Items from a data source:
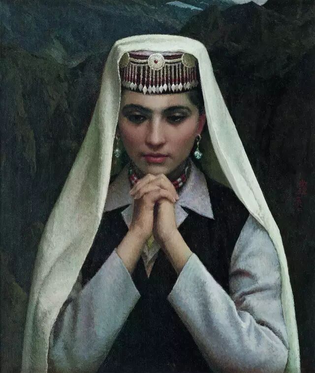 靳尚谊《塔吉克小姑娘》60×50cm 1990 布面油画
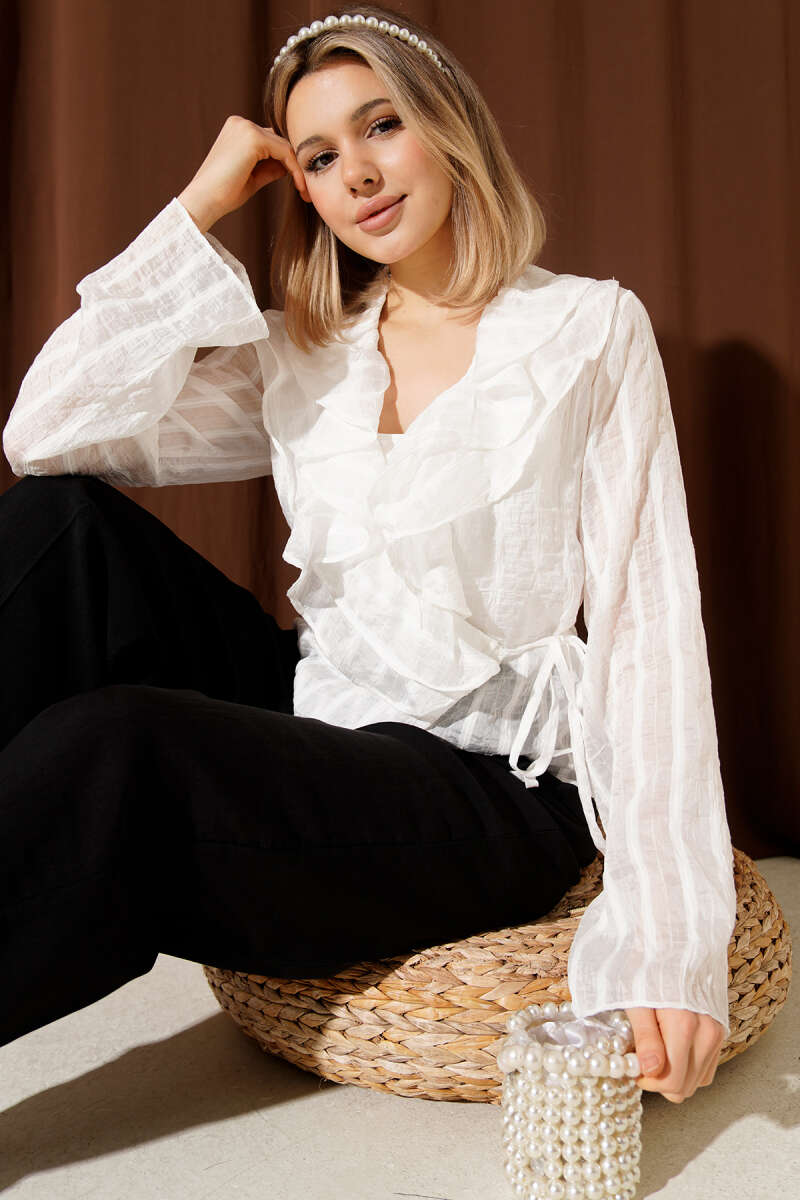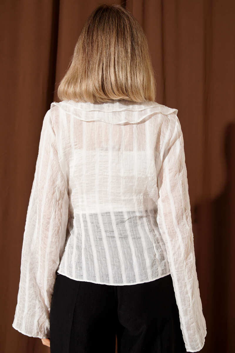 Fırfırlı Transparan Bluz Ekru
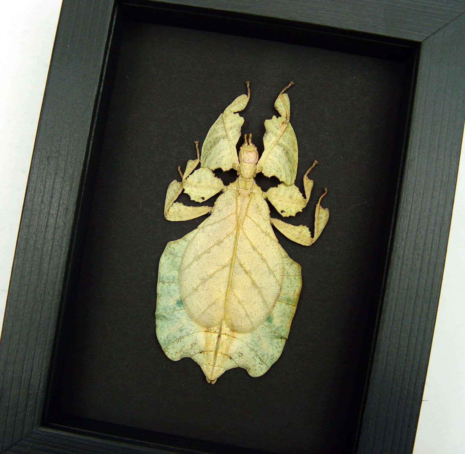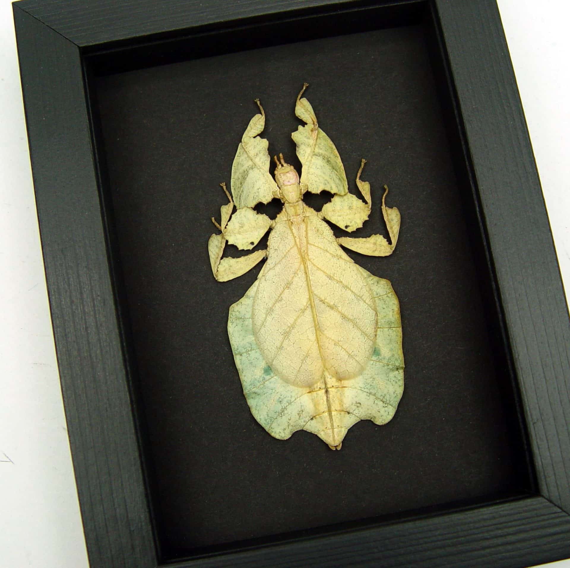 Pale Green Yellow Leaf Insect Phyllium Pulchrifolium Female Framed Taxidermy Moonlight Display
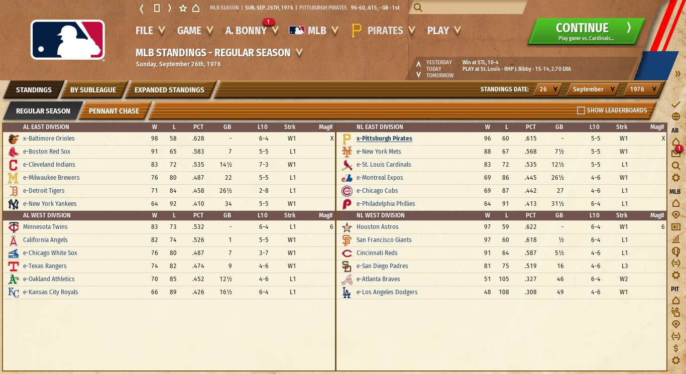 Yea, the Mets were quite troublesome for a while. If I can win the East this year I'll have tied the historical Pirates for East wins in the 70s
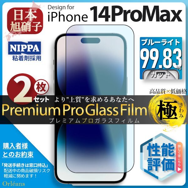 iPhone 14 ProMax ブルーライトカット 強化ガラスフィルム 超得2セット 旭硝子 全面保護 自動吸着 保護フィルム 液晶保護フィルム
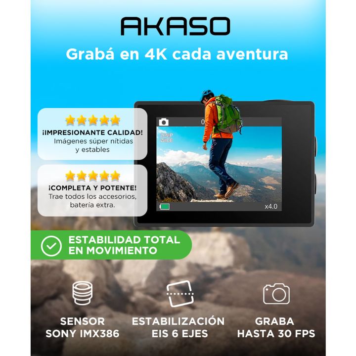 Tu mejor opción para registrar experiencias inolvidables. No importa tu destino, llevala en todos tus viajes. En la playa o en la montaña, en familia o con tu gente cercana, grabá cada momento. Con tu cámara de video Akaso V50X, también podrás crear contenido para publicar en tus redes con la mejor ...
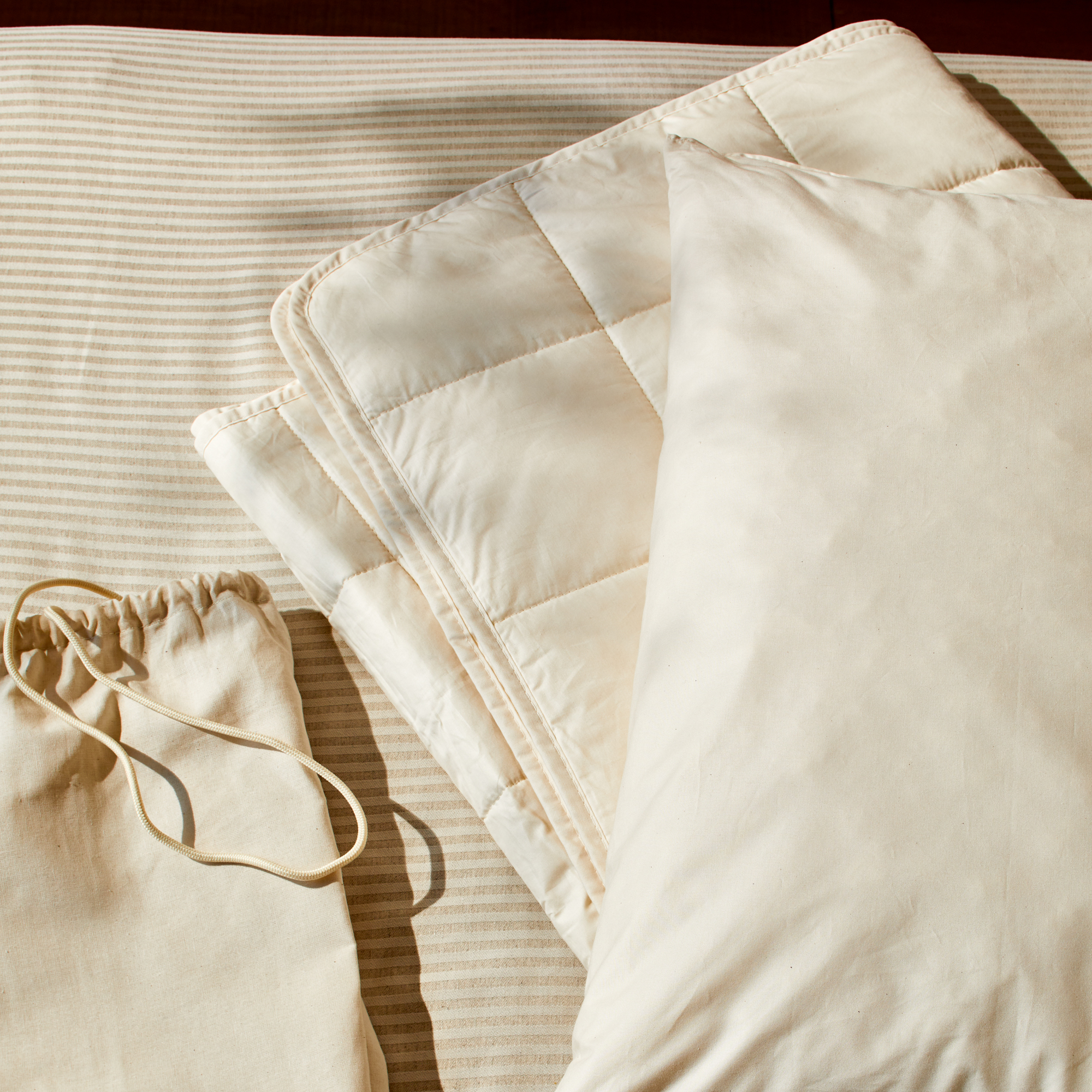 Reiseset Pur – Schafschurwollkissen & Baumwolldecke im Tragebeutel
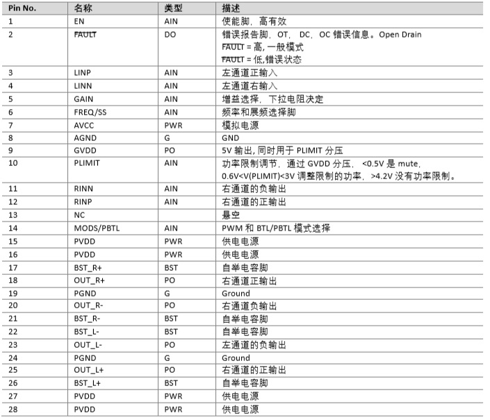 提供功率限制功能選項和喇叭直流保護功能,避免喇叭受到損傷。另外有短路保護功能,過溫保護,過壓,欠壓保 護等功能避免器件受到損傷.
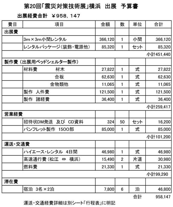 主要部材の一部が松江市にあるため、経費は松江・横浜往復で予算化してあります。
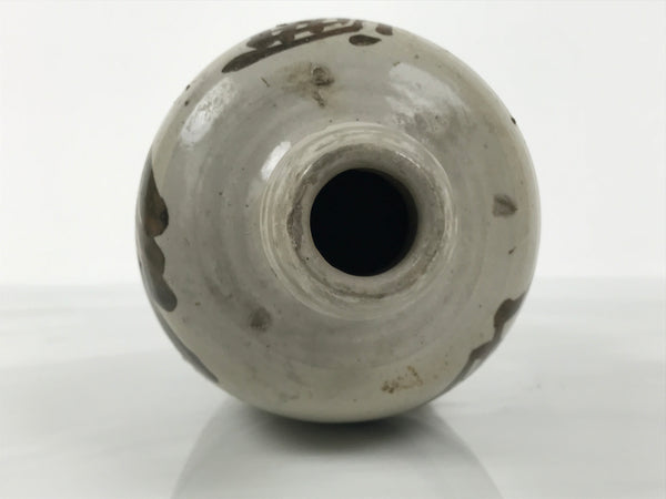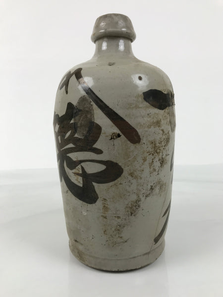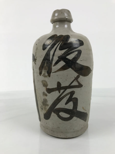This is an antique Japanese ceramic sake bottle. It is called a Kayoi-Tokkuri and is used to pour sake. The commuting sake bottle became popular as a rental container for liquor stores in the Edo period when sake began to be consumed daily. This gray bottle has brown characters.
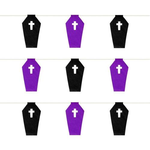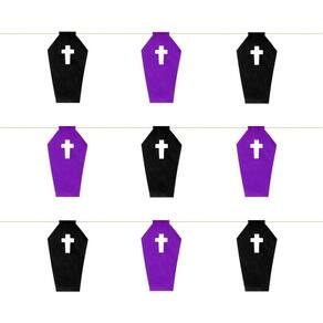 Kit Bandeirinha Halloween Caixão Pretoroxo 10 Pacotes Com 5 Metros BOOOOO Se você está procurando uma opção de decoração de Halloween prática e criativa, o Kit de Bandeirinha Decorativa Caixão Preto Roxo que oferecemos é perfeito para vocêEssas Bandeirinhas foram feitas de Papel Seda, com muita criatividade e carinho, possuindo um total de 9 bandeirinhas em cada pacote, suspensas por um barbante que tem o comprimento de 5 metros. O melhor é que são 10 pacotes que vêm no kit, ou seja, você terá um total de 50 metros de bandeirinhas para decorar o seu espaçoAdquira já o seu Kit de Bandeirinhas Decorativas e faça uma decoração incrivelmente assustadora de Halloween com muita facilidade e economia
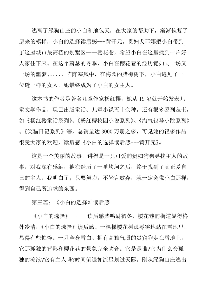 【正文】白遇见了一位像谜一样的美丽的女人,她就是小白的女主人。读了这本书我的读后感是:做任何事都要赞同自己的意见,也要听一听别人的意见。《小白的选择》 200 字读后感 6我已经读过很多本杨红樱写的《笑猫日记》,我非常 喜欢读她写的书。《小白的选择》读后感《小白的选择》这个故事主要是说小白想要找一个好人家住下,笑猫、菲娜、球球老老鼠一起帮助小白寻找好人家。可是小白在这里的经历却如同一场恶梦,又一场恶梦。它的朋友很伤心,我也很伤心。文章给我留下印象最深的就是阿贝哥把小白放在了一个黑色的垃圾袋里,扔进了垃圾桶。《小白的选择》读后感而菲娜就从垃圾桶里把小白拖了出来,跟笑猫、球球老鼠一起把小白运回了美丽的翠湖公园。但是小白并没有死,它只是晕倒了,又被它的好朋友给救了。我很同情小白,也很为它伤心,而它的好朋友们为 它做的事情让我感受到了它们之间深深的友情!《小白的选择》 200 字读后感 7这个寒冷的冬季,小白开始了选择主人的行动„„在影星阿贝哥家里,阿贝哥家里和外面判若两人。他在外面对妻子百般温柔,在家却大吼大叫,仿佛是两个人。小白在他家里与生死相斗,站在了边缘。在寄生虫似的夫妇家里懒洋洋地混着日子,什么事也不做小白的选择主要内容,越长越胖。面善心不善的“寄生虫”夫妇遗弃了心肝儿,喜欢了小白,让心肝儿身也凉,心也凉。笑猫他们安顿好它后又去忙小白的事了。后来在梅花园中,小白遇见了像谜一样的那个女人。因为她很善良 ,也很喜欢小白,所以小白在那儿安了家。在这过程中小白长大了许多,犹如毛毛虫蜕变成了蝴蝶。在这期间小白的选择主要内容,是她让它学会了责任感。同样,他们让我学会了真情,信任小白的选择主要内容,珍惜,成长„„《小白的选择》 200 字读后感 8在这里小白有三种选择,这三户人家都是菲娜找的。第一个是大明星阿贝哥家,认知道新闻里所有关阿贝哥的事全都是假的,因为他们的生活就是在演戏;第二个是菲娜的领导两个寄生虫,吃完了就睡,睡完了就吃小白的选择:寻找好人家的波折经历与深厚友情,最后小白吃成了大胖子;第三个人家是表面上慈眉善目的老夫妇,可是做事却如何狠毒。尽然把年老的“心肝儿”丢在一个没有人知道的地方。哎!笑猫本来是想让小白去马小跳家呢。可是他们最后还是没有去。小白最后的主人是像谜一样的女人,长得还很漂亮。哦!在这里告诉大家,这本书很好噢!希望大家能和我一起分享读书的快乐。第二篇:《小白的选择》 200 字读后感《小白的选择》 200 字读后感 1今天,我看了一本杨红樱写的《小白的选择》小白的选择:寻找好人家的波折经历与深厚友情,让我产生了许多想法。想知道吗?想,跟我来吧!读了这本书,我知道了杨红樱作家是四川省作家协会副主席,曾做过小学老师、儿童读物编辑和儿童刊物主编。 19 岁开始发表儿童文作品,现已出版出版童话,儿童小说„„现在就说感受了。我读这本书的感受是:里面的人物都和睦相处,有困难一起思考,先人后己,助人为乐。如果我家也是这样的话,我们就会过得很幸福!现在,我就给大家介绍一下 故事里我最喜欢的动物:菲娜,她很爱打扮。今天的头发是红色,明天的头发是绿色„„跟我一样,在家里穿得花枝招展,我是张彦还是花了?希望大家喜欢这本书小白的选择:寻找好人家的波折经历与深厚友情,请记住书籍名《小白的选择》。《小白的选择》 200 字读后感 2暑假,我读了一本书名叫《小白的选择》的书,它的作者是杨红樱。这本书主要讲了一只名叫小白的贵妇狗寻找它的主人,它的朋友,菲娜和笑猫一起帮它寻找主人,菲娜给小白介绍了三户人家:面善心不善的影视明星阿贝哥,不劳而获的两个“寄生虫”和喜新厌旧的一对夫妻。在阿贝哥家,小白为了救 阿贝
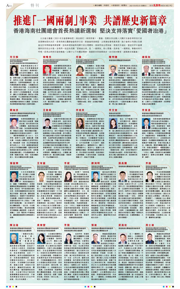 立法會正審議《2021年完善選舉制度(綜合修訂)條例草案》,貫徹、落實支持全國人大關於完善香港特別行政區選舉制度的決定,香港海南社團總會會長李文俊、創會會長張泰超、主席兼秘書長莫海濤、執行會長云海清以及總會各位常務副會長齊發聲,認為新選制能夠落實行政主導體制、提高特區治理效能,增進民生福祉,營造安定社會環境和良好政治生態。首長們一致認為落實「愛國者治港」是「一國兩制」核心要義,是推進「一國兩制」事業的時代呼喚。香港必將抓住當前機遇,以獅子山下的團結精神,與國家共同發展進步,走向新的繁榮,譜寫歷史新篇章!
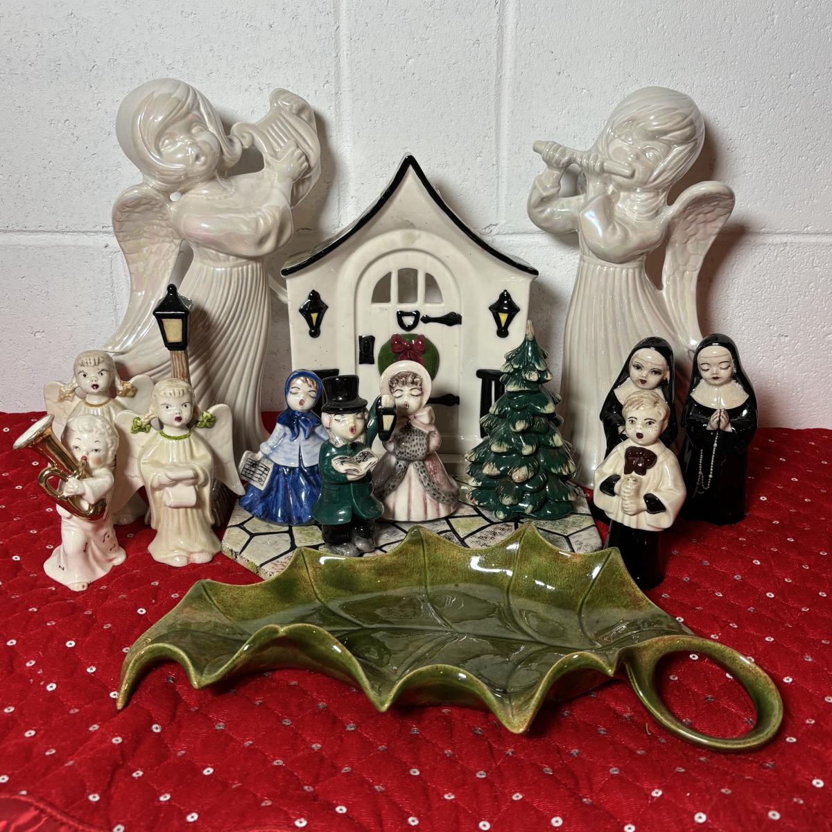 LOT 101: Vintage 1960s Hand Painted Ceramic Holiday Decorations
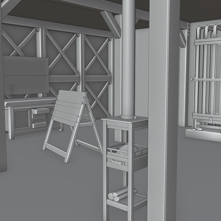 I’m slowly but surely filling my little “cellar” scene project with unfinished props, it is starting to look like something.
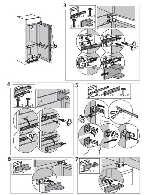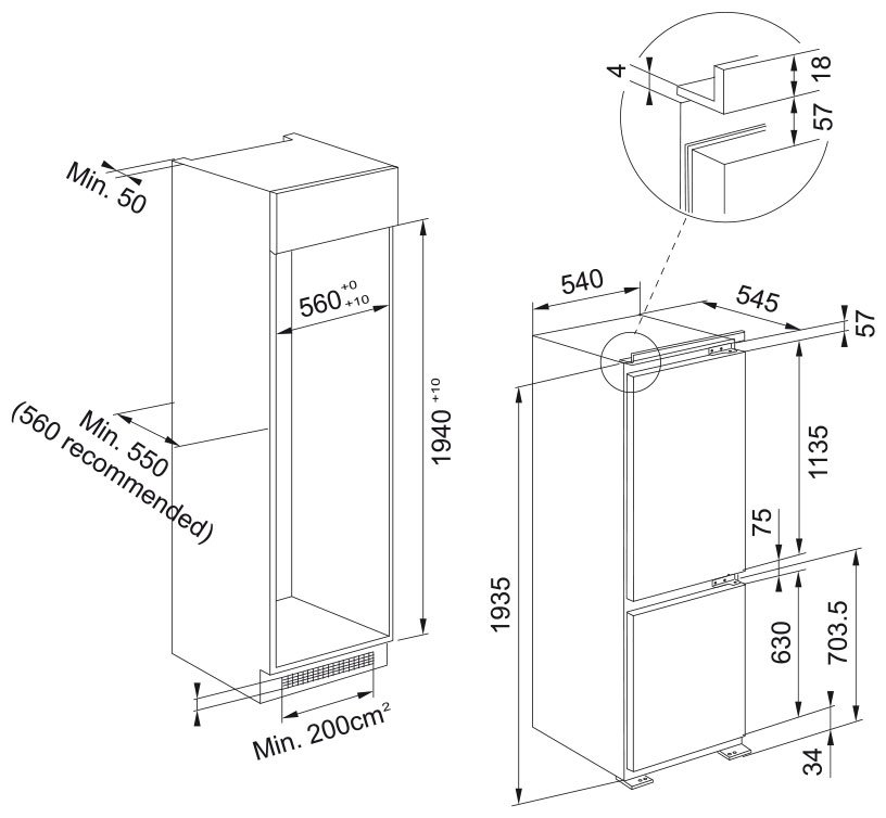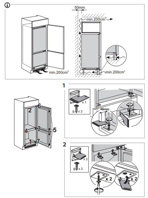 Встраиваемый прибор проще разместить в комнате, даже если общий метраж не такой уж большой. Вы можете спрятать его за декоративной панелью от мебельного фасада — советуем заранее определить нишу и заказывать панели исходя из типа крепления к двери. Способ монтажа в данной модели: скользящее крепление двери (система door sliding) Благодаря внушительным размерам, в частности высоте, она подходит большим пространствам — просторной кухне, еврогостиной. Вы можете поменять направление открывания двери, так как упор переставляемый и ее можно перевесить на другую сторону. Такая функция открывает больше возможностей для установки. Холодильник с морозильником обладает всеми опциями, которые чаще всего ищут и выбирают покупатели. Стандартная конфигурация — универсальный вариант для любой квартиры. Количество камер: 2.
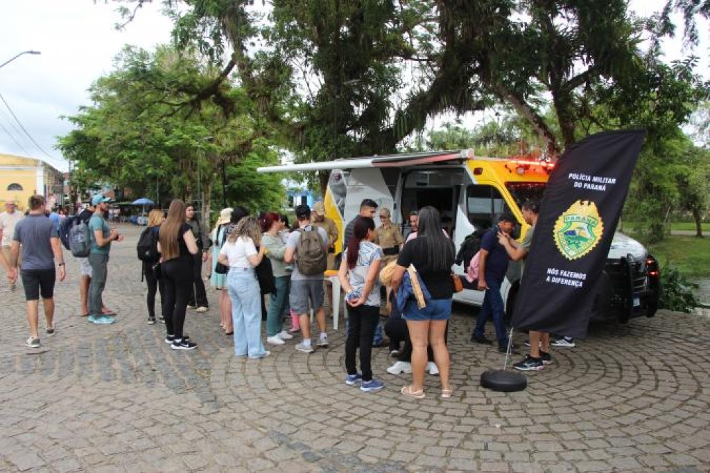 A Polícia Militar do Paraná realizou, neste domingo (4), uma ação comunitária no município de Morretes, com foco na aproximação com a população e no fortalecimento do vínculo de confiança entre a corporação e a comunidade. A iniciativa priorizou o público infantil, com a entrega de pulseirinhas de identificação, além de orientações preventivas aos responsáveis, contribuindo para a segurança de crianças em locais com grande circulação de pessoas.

» Exercise brief: Nothing should appear in the answer except the lines from the first line of the data through the line holding "iPhone 14 ProMax", exactly as written, with pictures left out.

» Response for this exercise:
 靳尚谊《塔吉克小姑娘》60×50cm 1990 布面油画
 Fırfırlı Transparan Bluz Ekru
 Pale Green Yellow Leaf Insect Phyllium Pulchrifolium Female Framed Taxidermy Moonlight Display
 Yea, the Mets were quite troublesome for a while. If I can win the East this year I'll have tied the historical Pirates for East wins in the 70s
 iPhone 14 ProMax ブルーライトカット 強化ガラスフィルム 超得2セット 旭硝子 全面保護 自動吸着 保護フィルム 液晶保護フィルム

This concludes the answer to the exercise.